Как будто услышав её, в прихожей послышался скрежет проворачиваемого в замке ключа. «Кто это?», – встревожилась Лена. Ей стало не по себе – раньше десяти она родителей не ждала и, оставив котёнка на полу рядом с котлетами, поспешила в прихожую.
– Вы чего так рано? – удивилась Лена, наткнувшись на родителей.
– А ты чего в форме? – с той же интонацией спросил Аркадий Викторович.
– Просто примерила. Вы почему не на спектакле?
– Отменили, – разочарованно ответила Евгения Анатольевна. – У них прима, видите ли, не явилась.
– Как это? Разве такое может быть?
– Я вот тоже думала, что не может. Случай просто вопиющий. Подумать только, я целый месяц ждала этой премьеры, весь день провела в парикмахерской, а она взяла и не явилась. Безобразие!
– Ну что ты, Женя, сразу обвинять. Может, человек заболел.
– А позвонить и предупредить нельзя, что ли? Сейчас у всех при себе телефоны.
– Тем более. Значит, что‑то случилось серьёзное. – Аркадий Викторович старался быть объективным.
– Ничего не понимаю. Расскажите уже, в чём дело?
– Я же говорю. Вероника Лебедева, прима, не явилась на спектакль, никого не предупредила, на звонки не отвечает. Так нам Станислава Афанасьевна рассказала.
– Кто такая эта Станислава Афанасьевна?
– О! Станислава Афанасьевна – главный человек в театре. Она раздаёт программки в фойе, – подняв вверх указательный палец, произнёс Аркадий Викторович.
– Сарказм здесь неуместен.
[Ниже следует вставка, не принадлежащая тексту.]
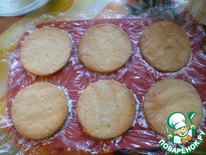 Дальше я взяла силиконовые формочки для кексов, застелила пищевой пленкой.
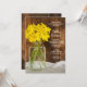 Poursuivez la célébration le lendemain de leur cérémonie de mariage avec la charmante invitation de brunch de mariage civil Country Mason Jar et Yellow Daisies. Cette invitation de déjeuner ou de petit-déjeuner après mariage rustique chic personnalisée, décontractée mais élégante, présente une photographie florale pittoresque d'un pot de conserve en verre rempli de fleurs de marguerite jaune et un fond en bois de grange brun patiné. Idée ou inspiration parfaite pour une célébration de fête de grange de style ferme ou ranch informel. Disponible sous forme d'invitation imprimée pour envoi postal ou en téléchargement numérique pour un partage facile en ligne.
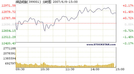 The Shenzhen Component Index, tracking the smaller Shenzhen Stock Exchange, closed at 12,850.69, up 154.68 points or 1.22 percent. It went through the day within a range from 12,580.43 to 12,930.19.

Станислава Афанасьевна – моя давняя знакомая, и именно она, между прочим, достала нам билеты на премьеру.
– Всё, молчу, молчу, – ретировался мужчина.
– Мам, расскажи всё по порядку.
– Может быть, я действительно зря возмущаюсь, может, в самом деле что‑то случилось. За ней ведь и машину домой отправили, но никто не открыл.
– А родным звонили?
– Не знаю. Они там сами все в растерянности, к тому же народ стал сильно возмущаться. Деньги, конечно, пообещали всем вернуть, хотя вряд ли они могут компенсировать моральный ущерб. Да и репутация театра пострадала, конечно. – Евгения Анатольевна всунула ноги в тёплые меховые тапочки и направилась в кухню.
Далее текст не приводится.